Netanyahu pushed back the timeline for a potential attack during his September U.N. speech, suggesting a decision would not come for Israel until spring 2013.
President Obama has urged Israel to wait for a diplomatic solution to the nuclear dispute, although he’s said that no options, including military ones, are off the table to prevent Iran from obtaining a nuclear weapon.
The war game did not appear to take into account whether Obama or Mitt Romney wins the presidential election.
The scenario says that Israel attacks Iran’s nuclear facilities on Nov. 9, and does not tell Washington until its planes are already in the air.
Nonetheless, the United States stood by Israel’s side and did not expose any differences of opinion, in order to present a united front against possible regional escalation.

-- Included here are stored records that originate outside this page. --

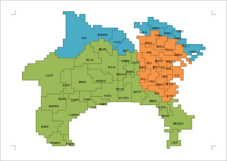 神奈川県の市区町村をエリア分けした地図です。資料作成などにご活用ください。パワーポイントから出力したものですが、パーツ分けされているので、文字の編集などができます。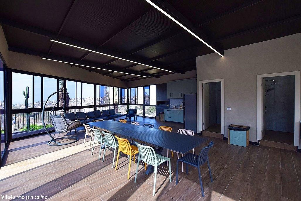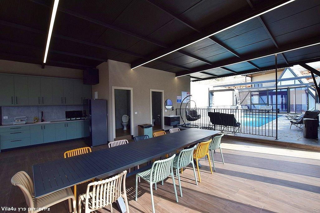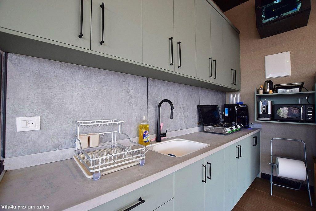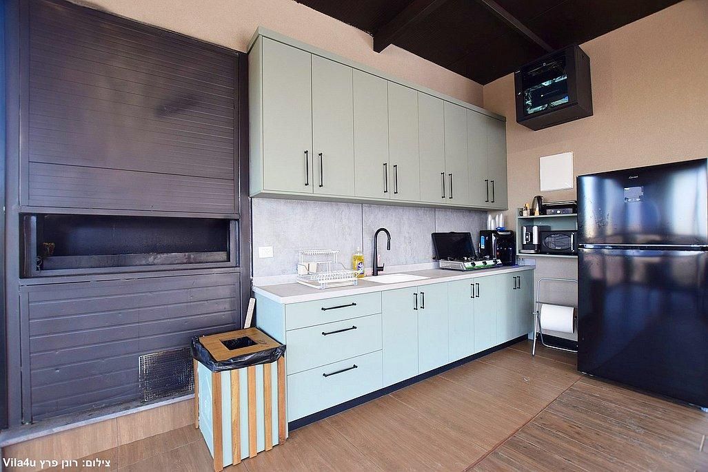 - - מטבח חוץ מלא ציוד - כולל בר מים, כיריים גז, טוסטר, מקרר גדול עם מקפיא, קומקום ומיקרוגל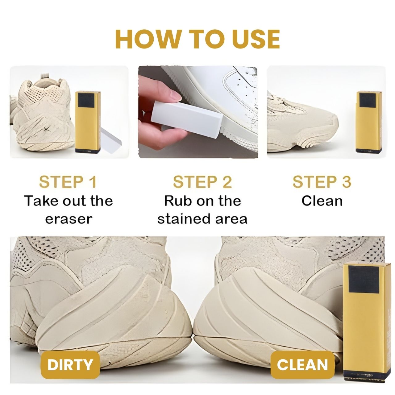 Wystarczy kilka kroków, aby na butach zgromadził się kurz, brud i uporczywe plamy. Gumka oferuje szybkie i łatwe rozwiązanie. Kilka pociągnięć wystarczy, aby wyczyścić buty bez ich uszkadzania. Nie potrzebujesz wody ani detergentów - wystarczy gumka, a twoje buty będą zauważalnie czystsze.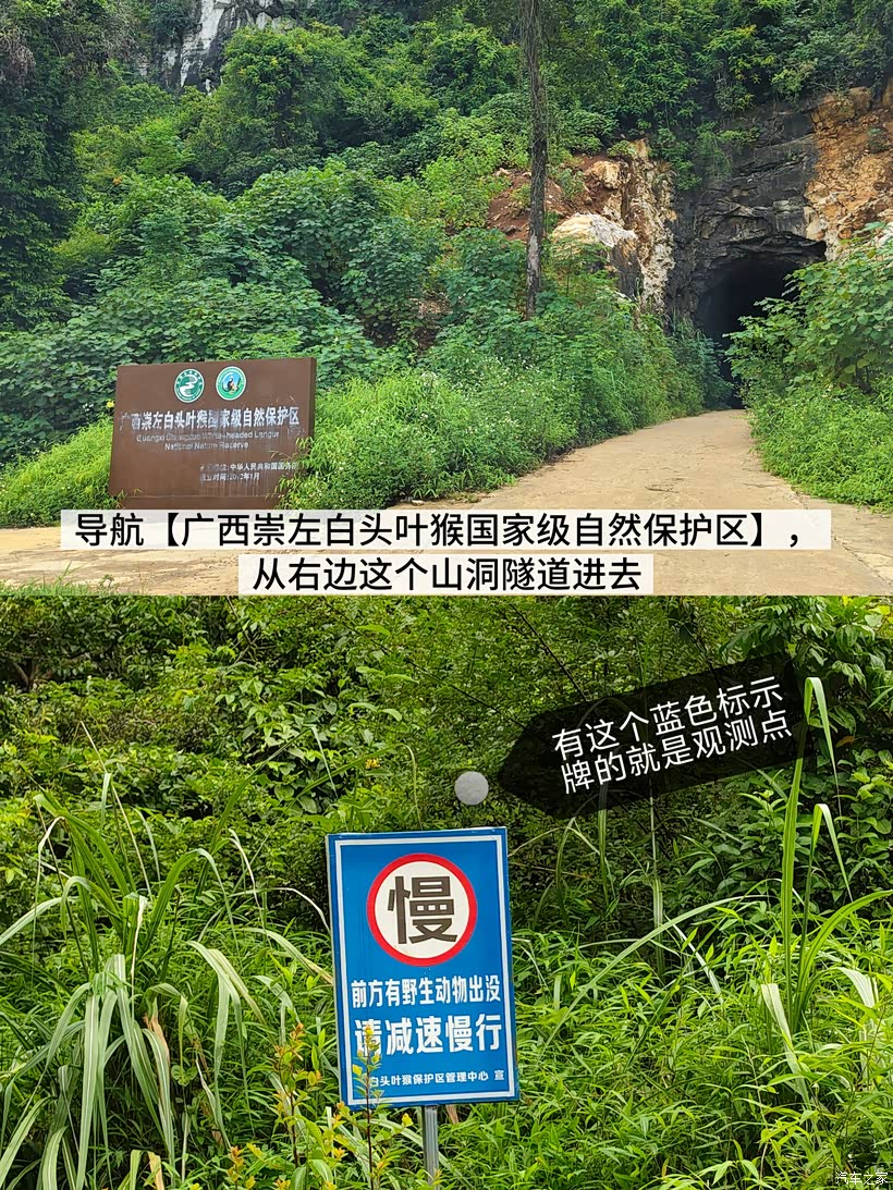 到达导航点会看到【广西崇左白头叶猴国家级自然保护区】石碑牌子,从右边山洞隧道穿过,再继续往里开一公里左右到,有蓝色提示牌的就是观测点(注有:野生动物出没)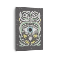 Obraz na płótnie - Symboliczne oko w otoczeniu abstrakcyjnych wzorów - 70x100cm - Plemienne rytuały - Nowoczesna dekoracja ścienna do salonu i sypialni ARTTOR
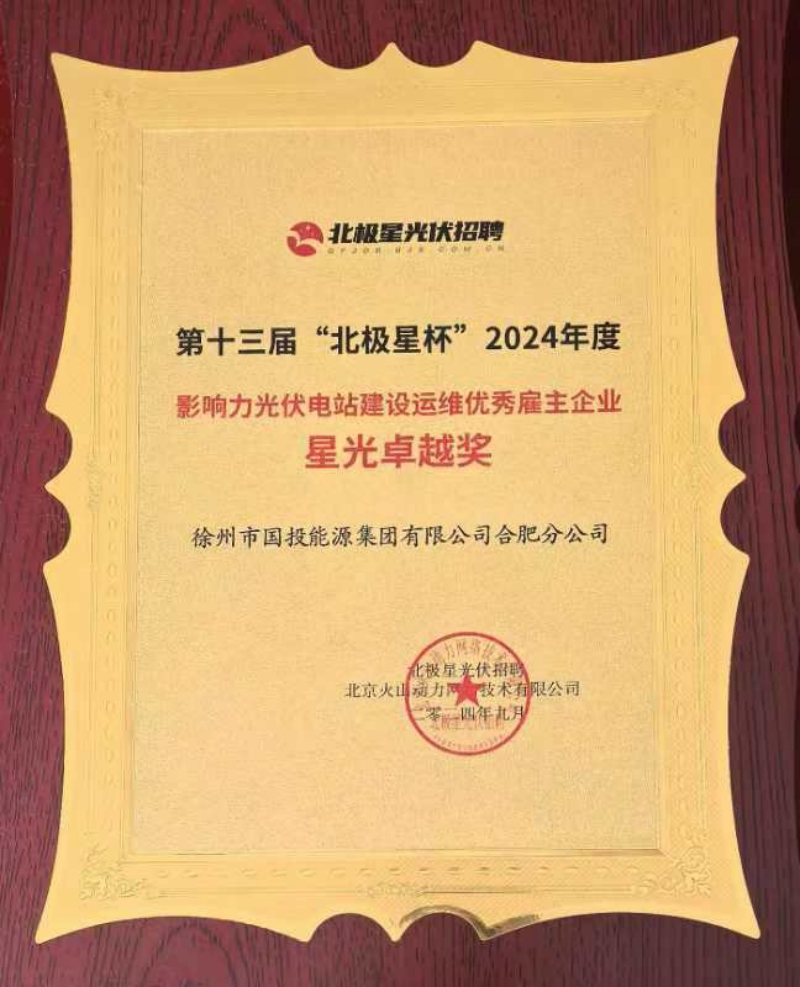 9月5日,在光伏行業(yè)備受矚目的“北極星杯”光伏影響力品牌評選中,能源集團合肥分公司脫穎而出,成功斬獲第十三屆“北極星杯”2024年度影響力光伏電站建設(shè)運維優(yōu)秀雇主企業(yè)星光卓越獎。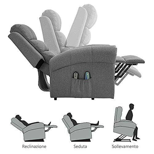HOMCOM Poltrona Massaggiante Reclinabile, Poltrona Alzapersona Elettrica Riscaldante in Tessuto 98x96x105cm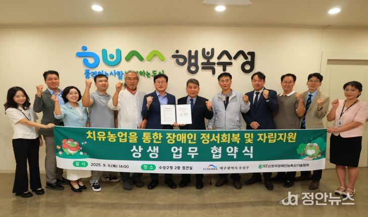 정안뉴스 안정주 기자 | 대구 수성구와 (사)한국장애인농축산기술협회 중앙회는 지난 11일 치유농업을 통한 장애인의 정서회복과 자립지원 상생 업무 협약(MOU)을 체결했다.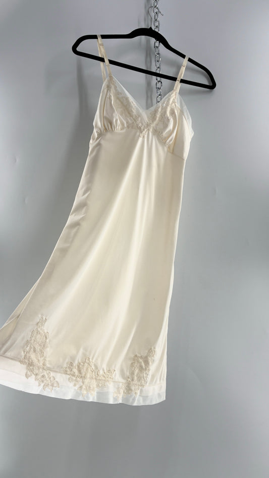 Vintage Van Raalte Suavette Nylon Slip Dress with Pleated, Embroidered Bust (S/34)

Iran responded by launching missiles at Tel Aviv and a nuclear research site in the Negev, and encouraging its proxies like Hezbollah to respond in Israel with terrorism.

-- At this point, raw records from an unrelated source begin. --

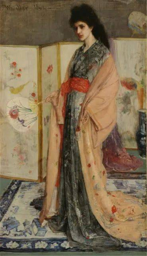 1863年,惠斯勒受邀希腊总领事为领事的女儿画肖像画,而当时的惠斯勒正醉心日本文化背景中,于是自作主张为女主角穿上和服、配上日本器物与背景,画中的蓝白双色地毯和右侧隐约可见的青花花瓶又明显是“中国风”,可见惠斯勒对“陶瓷王国”的印象实则并非某个特定“国家”,而是一种文化印象。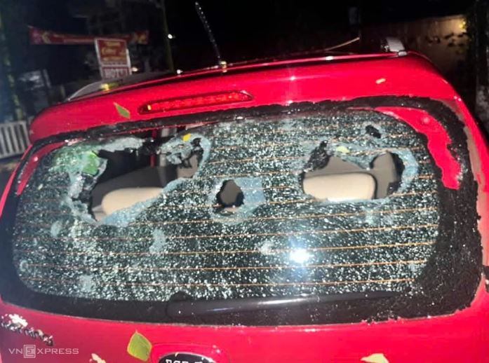 Kính ôtô vỡ do mưa đá ở Bắc Hà. Ảnh: VnExpress.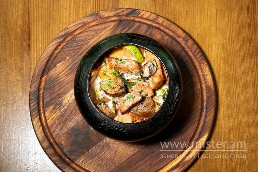 Ніжне поєднанння свинини, міксу овочів у вершковому соусі, часником, печериць та зелені.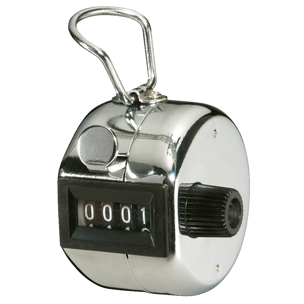 Bei diesem mechanischen Hebelzähler erfolgt die Zählung auf Tastendruck, die Nullstellung mittels Drehknopf (vermeidet ungewolltes zurücksetzen). 4-stellige Anzeige, Gehäuse aus Chromstahl, mit Fingerring zum besseren Halten.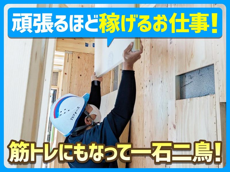 求めている人材 ・普通自動車免許(AT限定可) ・経験不問、未経験歓迎 ・学歴不問 ――――――― 【このような方は大歓迎!】 ◆体を動かして働きたい方 ◆筋トレしたい方 ◆しっかり待遇が整っている職場で働きたい方 ◆引っ越しバイトや建設現場、構内作業、工場作業員、製造スタッフ、倉庫作業員などからの転職も大歓迎! ============= ◆採用担当よりメッセージ ============= 当営業所では20代・30代・40代の方が活躍しております。 その理由は、待遇、収入面で満足してくれているからだと思います。 業務上、勤務時間に変動が発生してしまいますが、しっかりと頑張った分を給与として還元しております。 まるでジムに通ってトレーニングする感覚で、健康を維持しながら働けるのもポイント! その上、ガッツリ給料を稼ぐことが出来るのは魅力的ですよね! 当営業所の社員は、皆教え好きでフレンドリーなので、すぐに馴染む事が出来ますよ! 最初はボード2枚など持てる量から始めて、少しずつ慣らせていきましょう。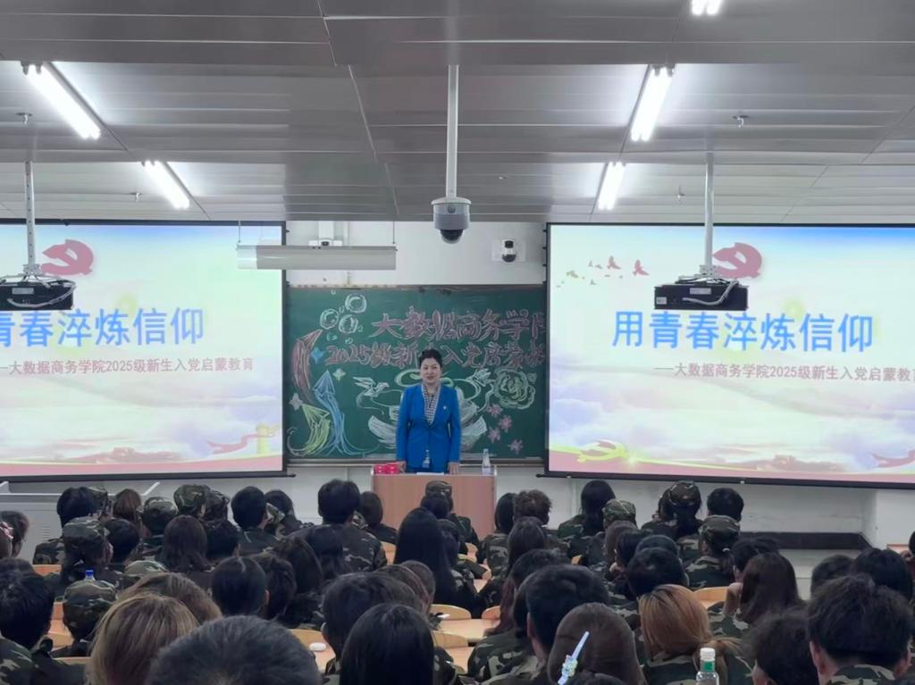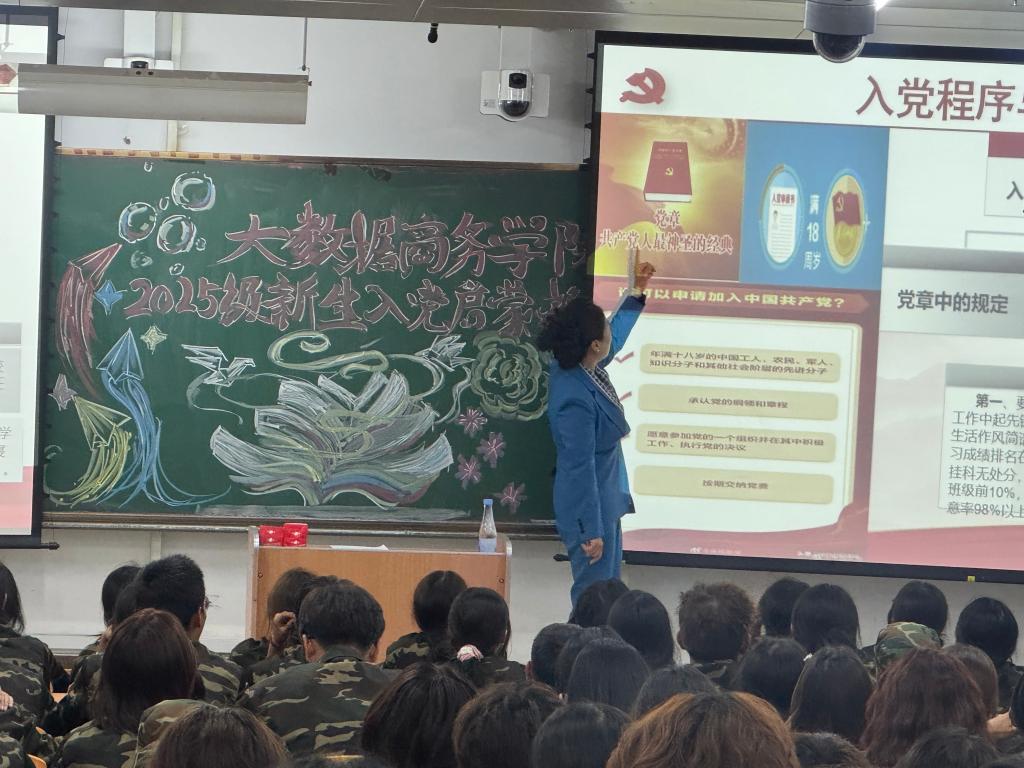 为帮助新生扣好“思想第一粒扣子”,引导青年学子树立正确政治方向,2025年9月8日,大数据商务学院学生党支部在教学楼西阶梯2025级新生入党启蒙教育课。学院党总支副书记、学生党支部书记张慧茹主讲,全体2025级新生到场参加,开启了新生思想成长与理想信念培育的重要一课。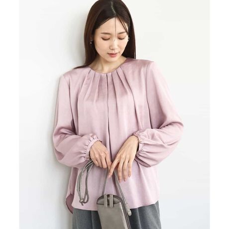 上品な印象で着こなせるブラウスはONシーンにもおすすめ。ジャケットやカーディガンと合わせると、タックディティールが正面から見え、顔周りを華やかに見せてくれます。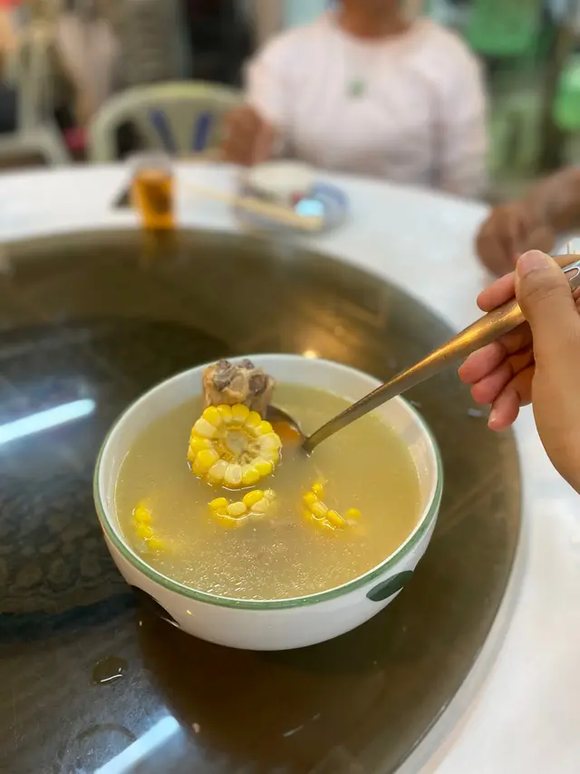 是日老火湯(送贈): 粟米瘦肉豬骨蘿蔔蜜棗湯,非常足料,粟米香甜,完全冇落味精,好健康,飲落唔頸渴。

But the scenario found that Iran was somewhat limited in its options to attack Israel, and that it could do more damage in the Gulf, by taking actions such as closing the Strait of Hormuz.
But Iran understood the cost if it made offensive moves in the Persian Gulf, including involving the U.S. militarily, and Washington decided it would only take military action against Iran if it tried to close the Strait of Hormuz or attack American bases in the Gulf.
The scenario found that Israel could not rely on the international community for much help because of Russia, as it suggested the U.S.-Russia divide would paralyze the international community.
At the end of the simulation, Iran continues to attack Israel, along with its proxies, while Israel seeks to contain the attacks.